Sperm donor or deadbeat dad? Donor owes child support, says judge.
Sperm donor William Marotta waived his parental rights, but a Kansas district court judge ruled that without a licensed physician in the artificial insemination process, Marotta didn't qualify as a sperm donor.
TOPEKA, Kan. — A man who provided sperm to a lesbian couple in response to an online ad is the father of a child born to one of the women and must pay child support, a Kansas judge ruled Wednesday.
Topeka resident William Marotta had argued that he had waived his parental rights and didn't intend to be a father. Shawnee County District Court Judge Mary Mattivi rejected that claim, saying the parties didn't involve a licensed physician in the artificial insemination process and thus Marotta didn't qualify as a sperm donor, The Topeka Capital-Journal reported.
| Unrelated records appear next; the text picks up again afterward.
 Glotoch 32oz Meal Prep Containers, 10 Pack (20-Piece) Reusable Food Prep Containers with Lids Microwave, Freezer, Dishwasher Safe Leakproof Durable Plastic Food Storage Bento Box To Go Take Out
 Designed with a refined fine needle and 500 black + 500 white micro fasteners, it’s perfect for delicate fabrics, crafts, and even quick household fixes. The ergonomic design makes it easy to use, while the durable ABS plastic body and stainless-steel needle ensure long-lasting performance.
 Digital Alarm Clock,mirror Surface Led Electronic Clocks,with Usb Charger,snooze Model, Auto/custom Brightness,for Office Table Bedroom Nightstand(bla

"In this case, quite simply, the parties failed to perform to statutory requirement of the Kansas Parentage Act in not enlisting a licensed physician at some point in the artificial insemination process, and the parties' self-designation of (Marotta) as a sperm donor is insufficient to relieve (Marotta) of parental right and responsibilities to the child," Mattivi wrote.
The Kansas Department for Children and Families filed the case in October 2012 seeking to have Marotta declared the father of a child born to Jennifer Schreiner in 2009. The state was seeking to have Marotta declared the child's father so he can be held responsible for about $6,000 in public assistance the state provided, as well as future child support.
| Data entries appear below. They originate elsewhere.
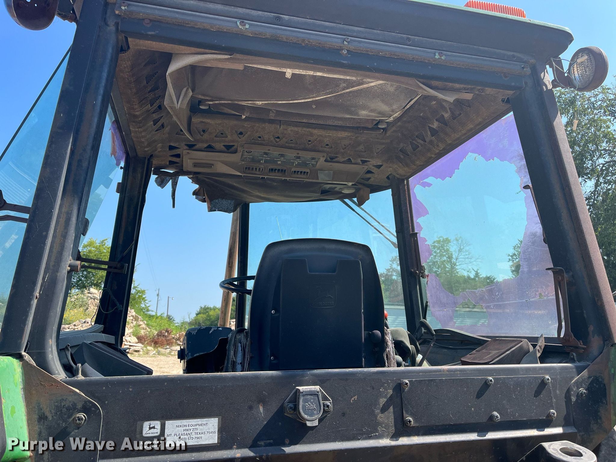 1984 John Deere 2550 tractor. Hours: 3,126 on meter, Serial: 527334L. Engine John Deere, Cylinders: 4, Fuel type: Diesel. Transmission Synchro, 8F - 4R. Operators station AC, Heat. Features PTO: 540, Three point, Seven pin outlet, Hydraulic remote sets Rear: 2. Tires Front: 255/70R16, Rear: 16.9-30. Notes Glass cracked, Door missing, Glass missing, Non-operational AC. Tri County. 496 County Rd SW 3110. Mount Vernon, TX 75457
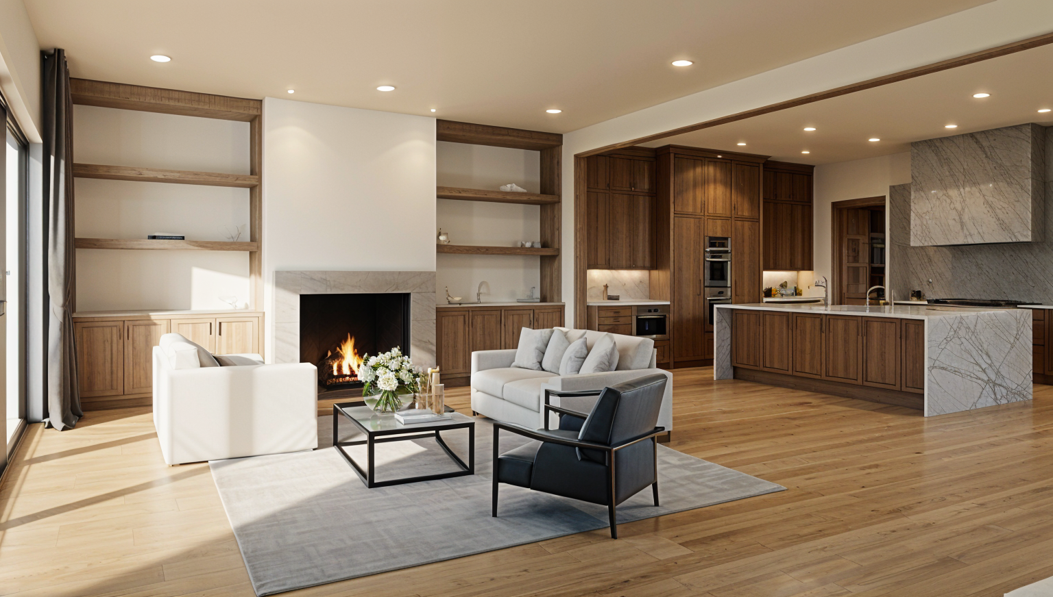 render a photorealistic 3d perspective of this house keep the current materials just enhance them split face limestone walls cream stone floors keep model geometry the same windows doors roof walls enhance the current materials and make the landscape nicer vegetation detailed textures in glass reflections and a vibrant clear sky with a few clouds add slight lens flare and light atmospheric depth render in hyper realistic architectural visualization quality 8k resolution
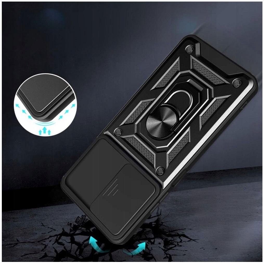 Гнучка силіконова панель має жорсткий металізований корпус та кільце-підставку для пальця. Чохол здатний витримати навіть сильні удари та подряпини.
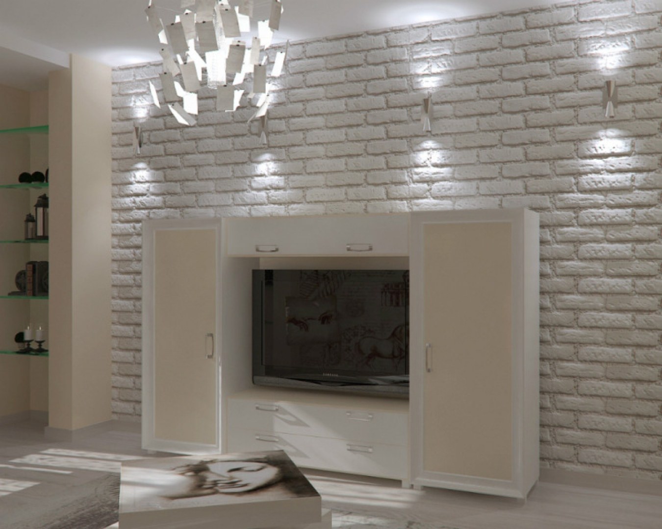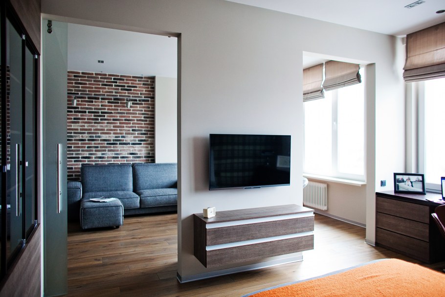 Телевизор на кирпичной стене в интерьере
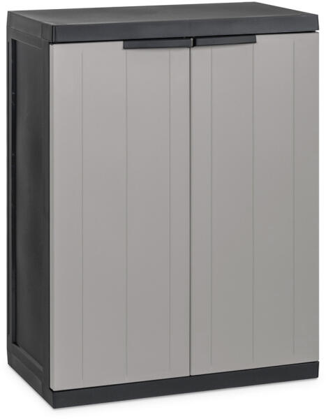Praktikus, műanyag kétszárnyú szekrény a BIOS MIDI LOW a szürke és fekete színkombinációban. TARTÓS ÚJRAHASZNOSÍTOTT ANYAG A BIOS MIDI LOW szekrény kiváló minőségű újrahasznosított anyagból készült, amely nem csak a hosszú élettartamot garantálja, hanem támogatja a fenntarthatóság és a környezetvédelem iránti elkötelezettségünket is. KÖNNYŰ ÖSSZESZERELÉS A

Marotta opposed that action, saying he had contacted Schreiner and her partner at the time, Angela Bauer, in response to an ad they placed on Craigslist seeking a sperm donor. He said he signed a contract waiving his parental rights and responsibilities.
Attorneys for the state contended the contract was moot because the parties didn't follow a 1994 Kansas law requiring a licensed physician to perform the artificial insemination when donors were involved.
During oral arguments at a hearing in October, Timothy Keck, co-lead counsel for the state, said the case focused on child support. Marotta's attorney, Benoit Swinnen, cited several court rulings he said support the argument that Marotta is legally a sperm donor and not required to pay child support.
Swinnen also argued that the Kansas statute doesn't specifically require the artificial insemination to be carried out by a physician.
Court documents show Schreiner indicated she didn't know the name of the donor or "have any information" about him in her application for child support. However, a sperm donor contract between Marotta and the couple includes his name, and the agency noted the couple talked about their appreciation for him in an interview with The Capital-Journal.
A filing Wednesday by the DCF argues the sperm donor contract overlooks "the well-established law in this state that a person cannot contract away his or her obligations to support their child."
The right for support belongs to the child, not the parents, the filing says.
The agency said it also received different versions of the donor contract from Marotta and Schreiner, suggesting that the document "may be invalid on its face."
"We stand by that contract," Swinnen said. "The insinuation is offensive, and we are responding vigorously to that. We stand by our story. There was no personal relationship whatsoever between my client and the mother, or the partner of the mother, or the child. Anything the state insinuates is vilifying my client, and I will address it."